While President Bush I went about his daily business in 1991, receiving briefings on the escalating situation in the Ukraine, Amy Grappell was there as part of an acting troupe that sought to present and celebrate the life of pioneer Ukrainian theater artist Les Kurbas in a bilingual production encompassing the American actors and their Ukranian counterparts. In fact, Grappell had arrived on the heels of celebration. It was enough to take great joy in being part of this production, “Light from the East”, but her camera soon captured the elation of the people of Ukraine, where Mikhail Gorbachev was soon to sign a treaty that would push more power into the hands of the republics.
Grappell roomed with Natalia Schevchenko, a theater historian, who becomes a hugely important part of this documentary. At first, it seems odd that Grappell doesn’t show a lot of footage of the rehearsals for this play, but then the parallels between Kurbas and the current situation grow. Soon the Ukranian people are in an uproar, to which Grappell awakens to, as it is learned that Gorbachev was booted from power, replaced by a military government calling themselves the “Group for Extreme Measures”. The drama here is in the words, in the concern running rampant through this troupe, even going so far as to affect member Peter McCabe so deeply that he heads back home just in case anything more dangerous should transpire. At the beginning, he’s already homesick, but this is enough to get him back there quicker.

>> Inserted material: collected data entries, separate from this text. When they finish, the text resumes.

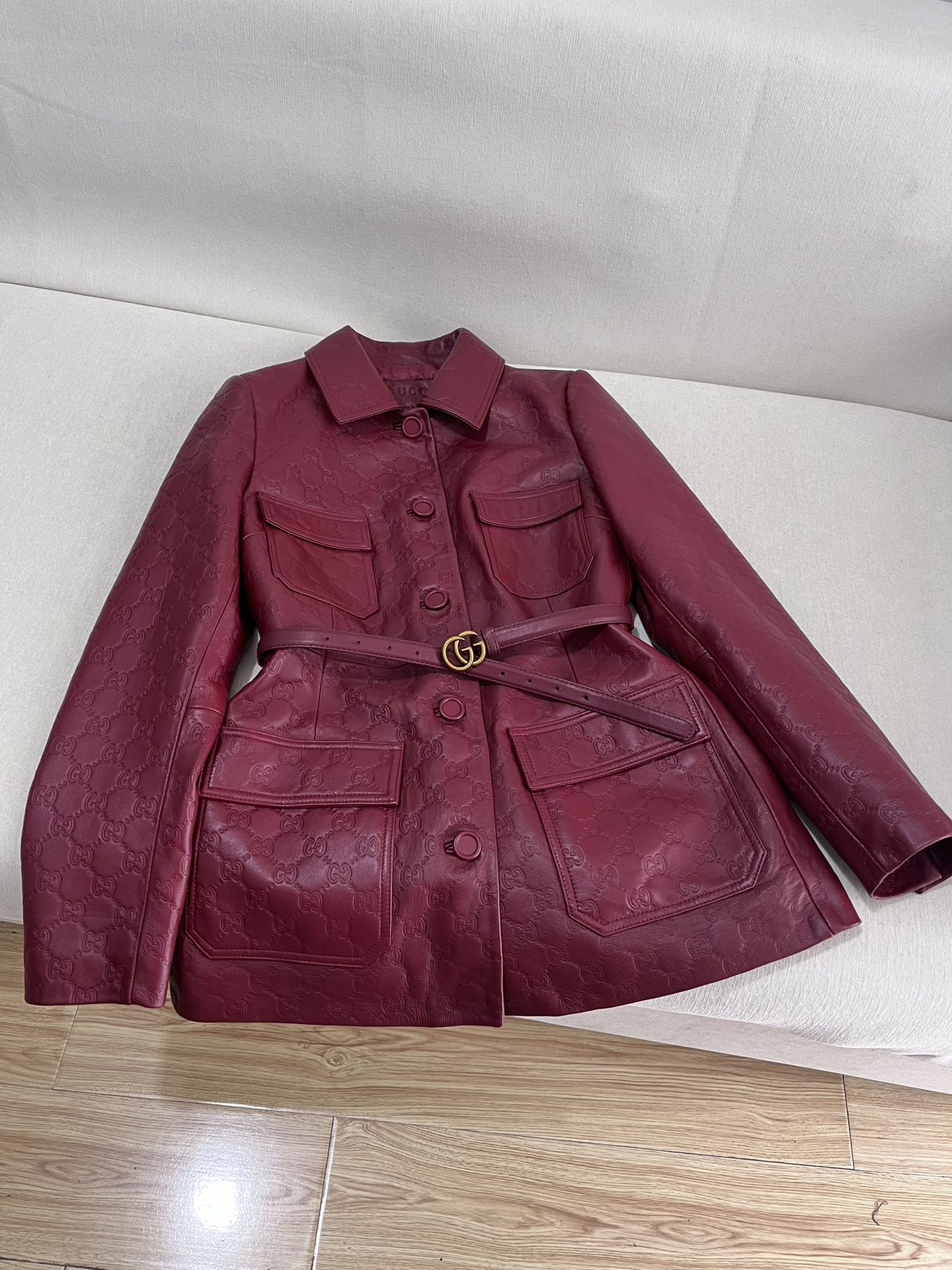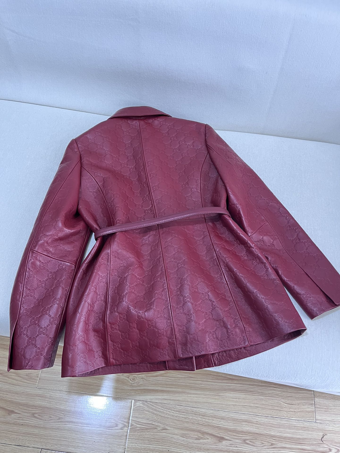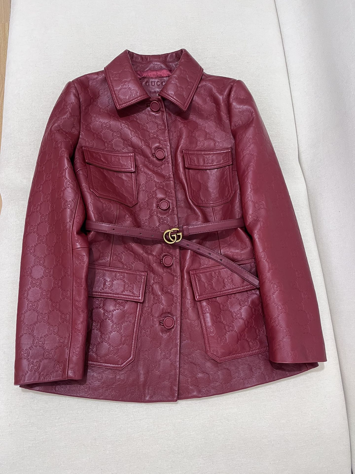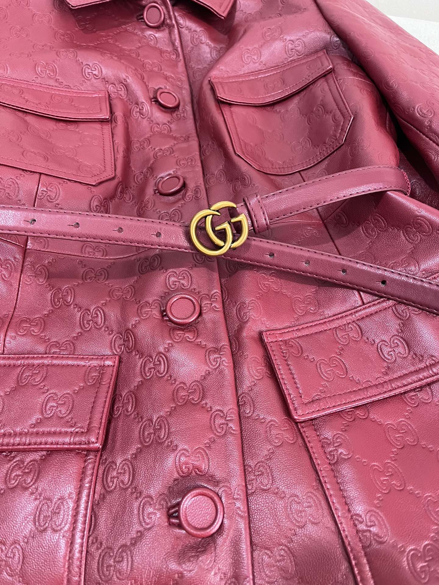 NIGO Gucci Women's Autumn and Winter Solid Color Lapel Embossed Printed Leather Mid-Length Belted Long Sleeve Jacket Coat #nigo74376
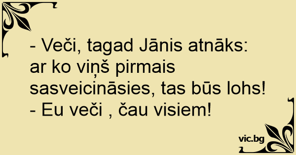 - Veči, tagad Jānis atnāks: ar ko viņš pirmais sasveicināsies, tas būs lohs! - Eu veči , čau visiem!
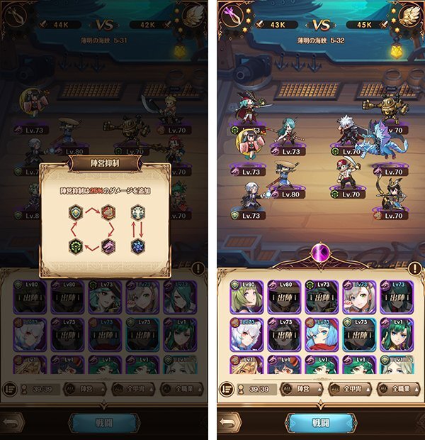 각각에는 궁합이 있기 때문에, 전투마다 적에 맞추어 진영의 조합이나 배치하는 장소를 의식하는 것이, 승부에 이기는 포인트 가 된다.
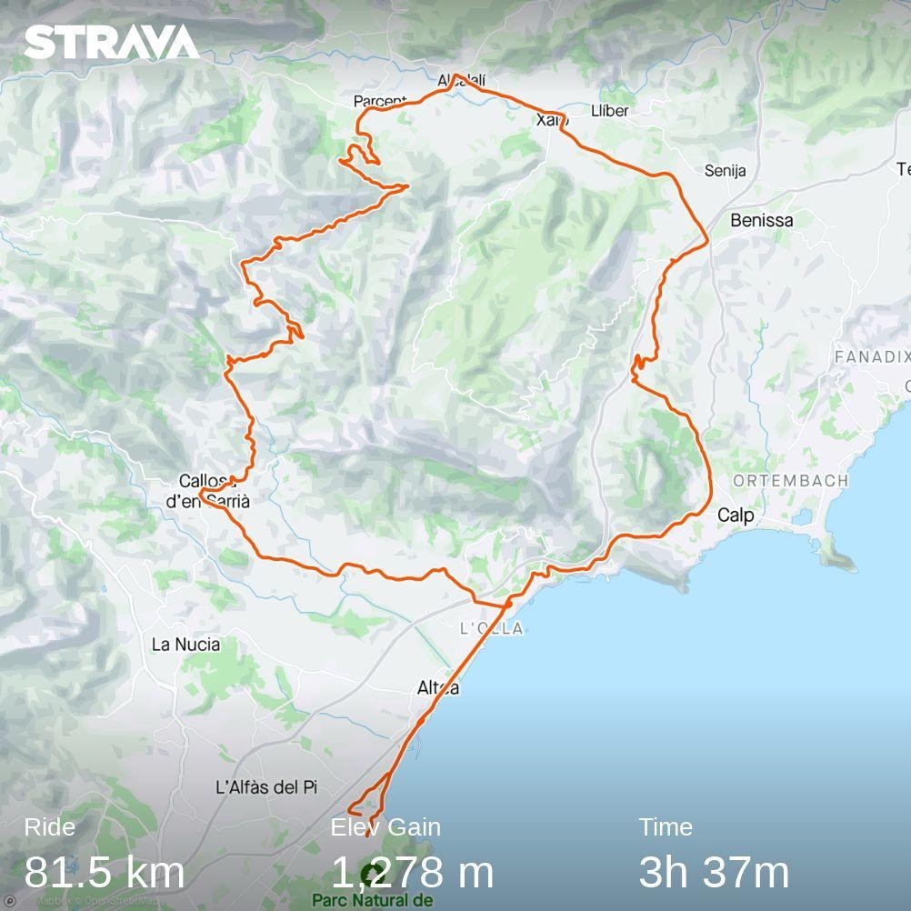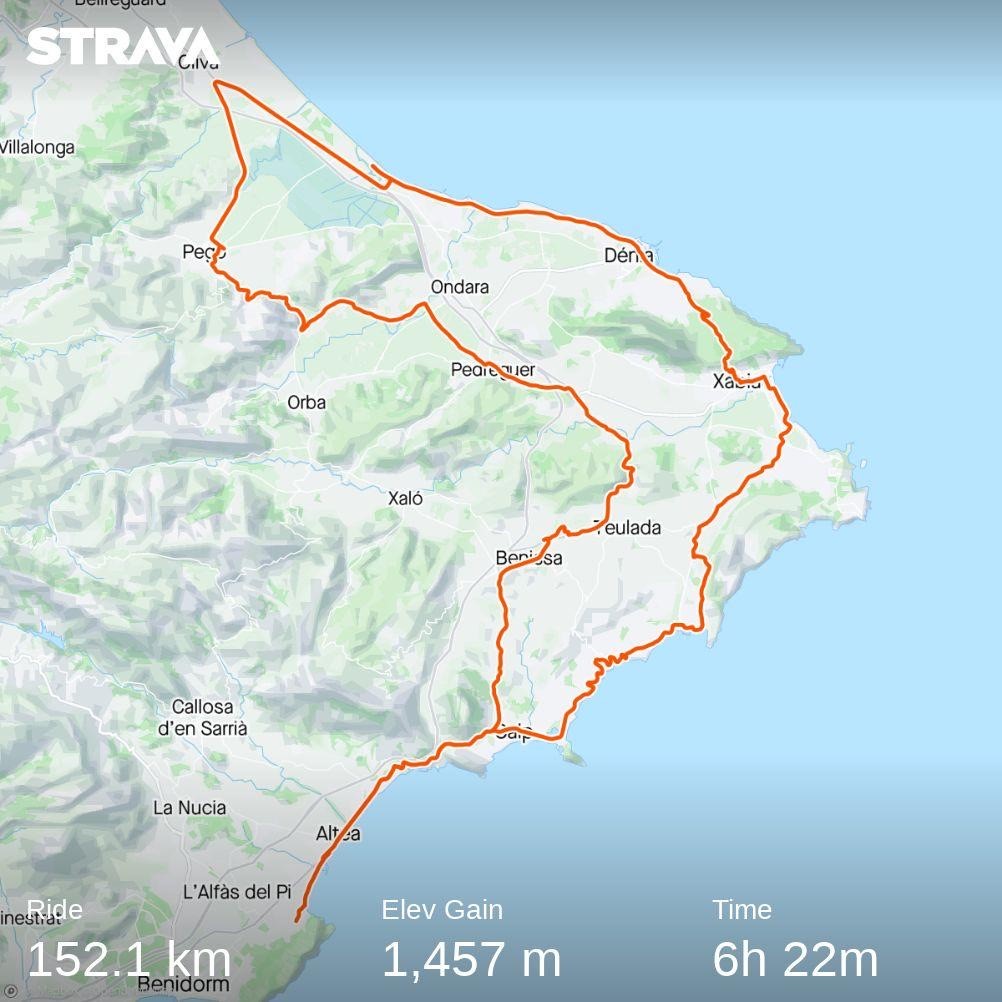 En lĂĄng men ändĂĄ en ”platt” runda för att vara med en sĂĄdan distans. De 1 500 höjdmetrarna pĂĄ rutten är uppdelade i flera olika partier vilket gör att den totalt sett inte känns sĂĄ backig. Vill man ha en lugnare/kortare hemfärd kan man hoppa pĂĄ Tram-tĂĄget pĂĄ nĂĄgon av stationerna längs vägen. Det är möjligt att ĂĄka frĂĄn Denia (dock har det varit reparationer de fyra första stationerna frĂĄn Denia räknat & ersättningsbuss gĂĄr dĂĄ mellan Denia-Gata. Det gĂĄr fint att lasta in cykeln i lastutrymmet pĂĄ bussen).
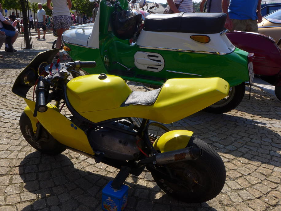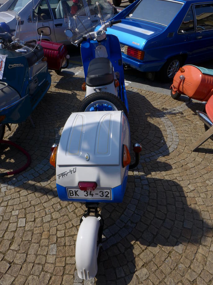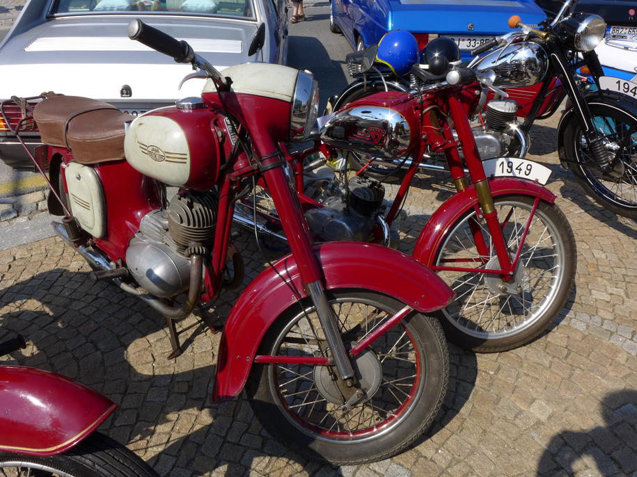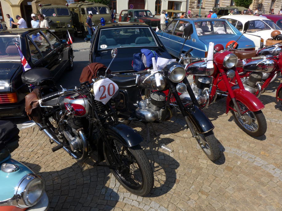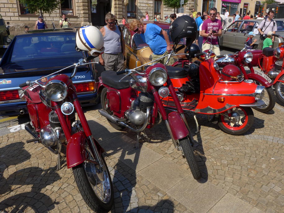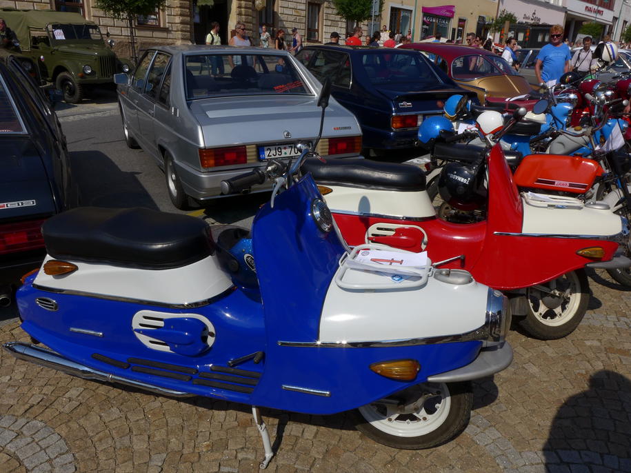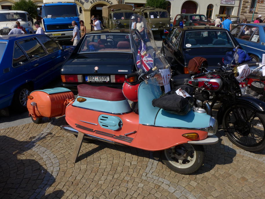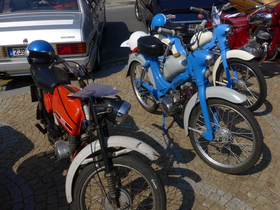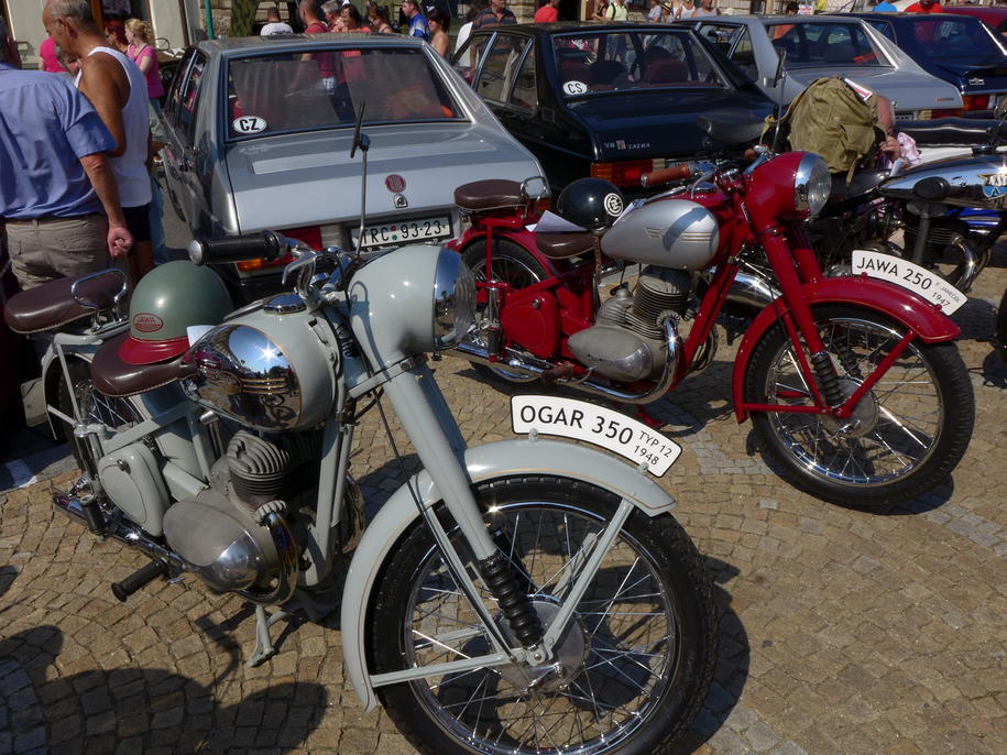 Za nimi, ve stínu mladých kaštanů, se schovávaly Velorexy obklopeny motocykly především domácí produkce. Jawy, skůtry, Stadiony, ale také BSA, OGAR, Norton a dokonce jedna mikromašina.

Grappell is an amazing force in this documentary, as much as anyone else in it. In shaping it as she has, with the help of editors Kyle Henry and Leah Marino, it is not only a journey of expression, but also that of freedom, change, and new lives shedding themselves of the old ones. In this case, it’s about the end of being chained to the principles of the Soviet Union. More than that, these Ukranians live heftier lives than we do. Everything that we want is available for us without fail. Looking at how they live, how they fight for their right to be people (they even go on a massive march at the risk of death to proclaim their desire to be free of communism once and for all), they are heroes for the world. They want lives that they can live, not lives that are merely tolerable. “Light from the East” also makes note of what has amazed me over all these years. We live under the same skies, and we all are of the same types. With varying exceptions, we all have the ten-fingers-ten-toes package. We are either men or women. But this world truly is different everywhere. Consider seeing this at a film festival, in comfortable seats, watching these various political situations unfold. Indeed the world is very different in that way. People like Amy Grappell should be highly honored for showing those parts of the world that we do not know, despite news networks insisting otherwise.